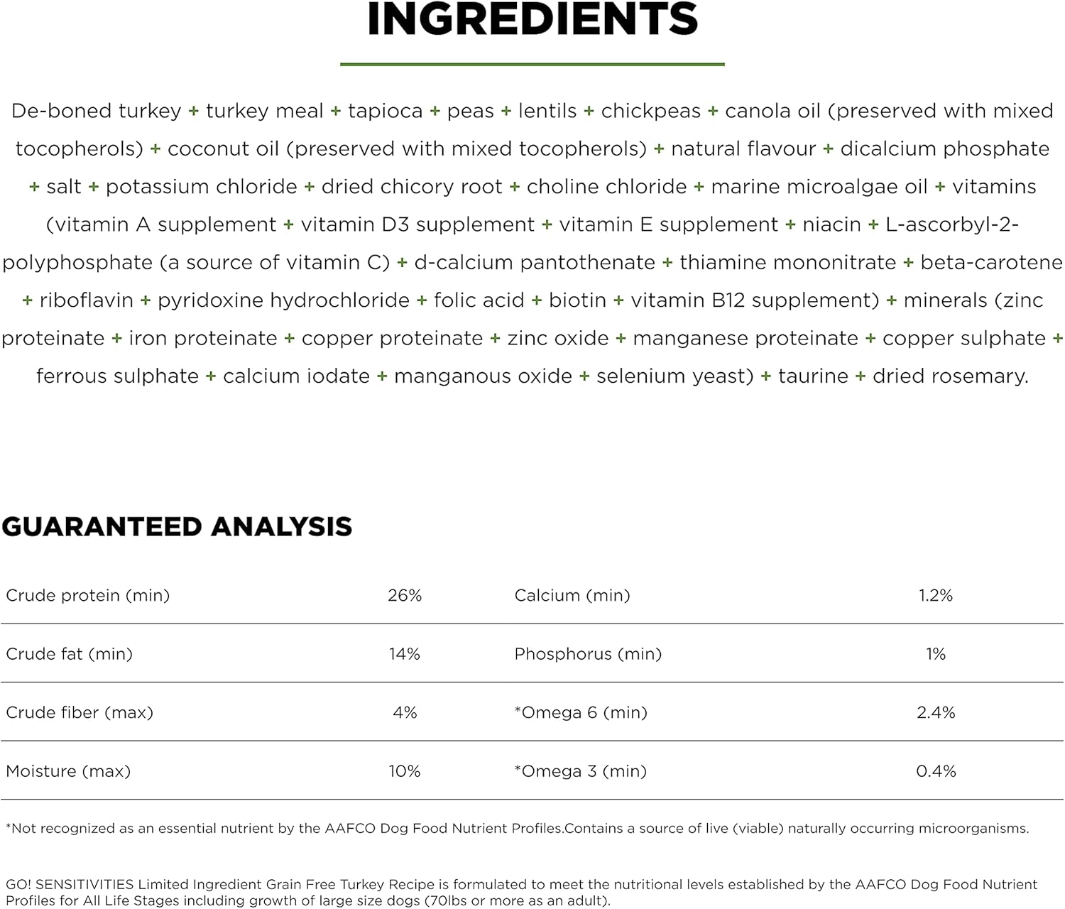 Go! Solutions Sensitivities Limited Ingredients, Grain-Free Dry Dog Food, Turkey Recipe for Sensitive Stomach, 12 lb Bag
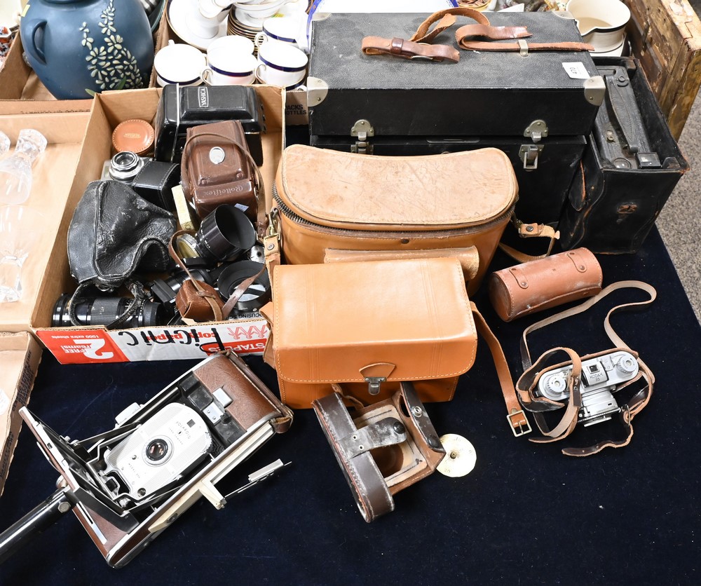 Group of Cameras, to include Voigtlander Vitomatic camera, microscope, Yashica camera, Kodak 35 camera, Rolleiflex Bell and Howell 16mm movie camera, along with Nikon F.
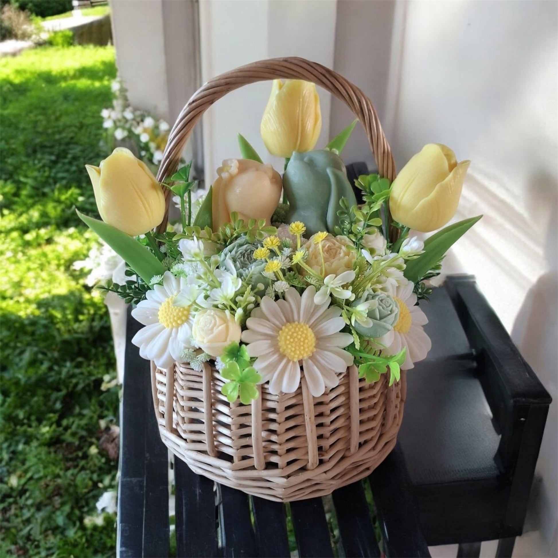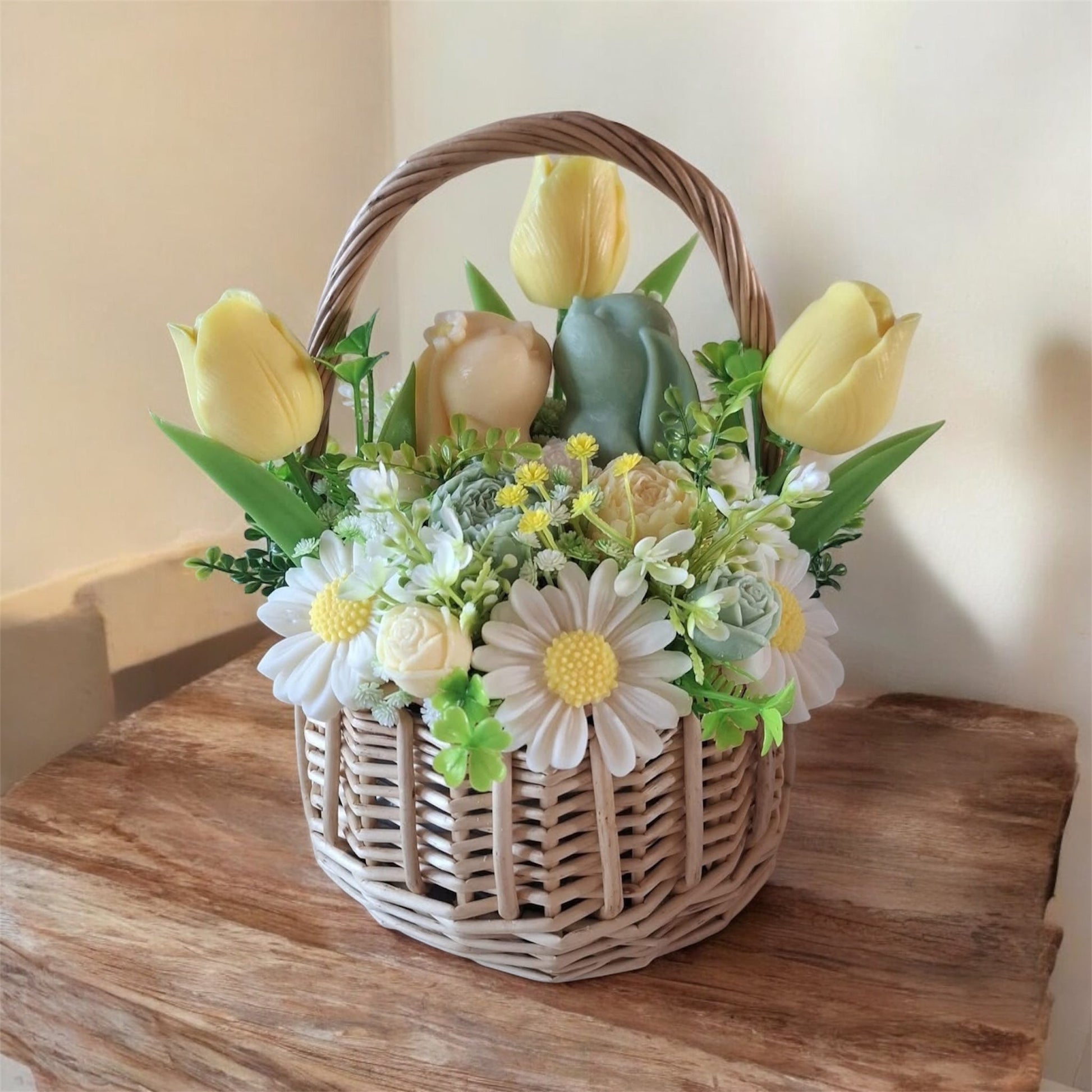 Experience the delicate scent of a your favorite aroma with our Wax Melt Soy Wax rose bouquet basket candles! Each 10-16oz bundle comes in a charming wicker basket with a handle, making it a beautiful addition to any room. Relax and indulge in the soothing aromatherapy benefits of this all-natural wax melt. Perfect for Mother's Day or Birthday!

Work instruction: Give back the material above exactly, without pictures.

Answer section:
 Go! Solutions Sensitivities Limited Ingredients, Grain-Free Dry Dog Food, Turkey Recipe for Sensitive Stomach, 12 lb Bag
 Group of Cameras, to include Voigtlander Vitomatic camera, microscope, Yashica camera, Kodak 35 camera, Rolleiflex Bell and Howell 16mm movie camera, along with Nikon F.
 Experience the delicate scent of a your favorite aroma with our Wax Melt Soy Wax rose bouquet basket candles! Each 10-16oz bundle comes in a charming wicker basket with a handle, making it a beautiful addition to any room. Relax and indulge in the soothing aromatherapy benefits of this all-natural wax melt. Perfect for Mother's Day or Birthday!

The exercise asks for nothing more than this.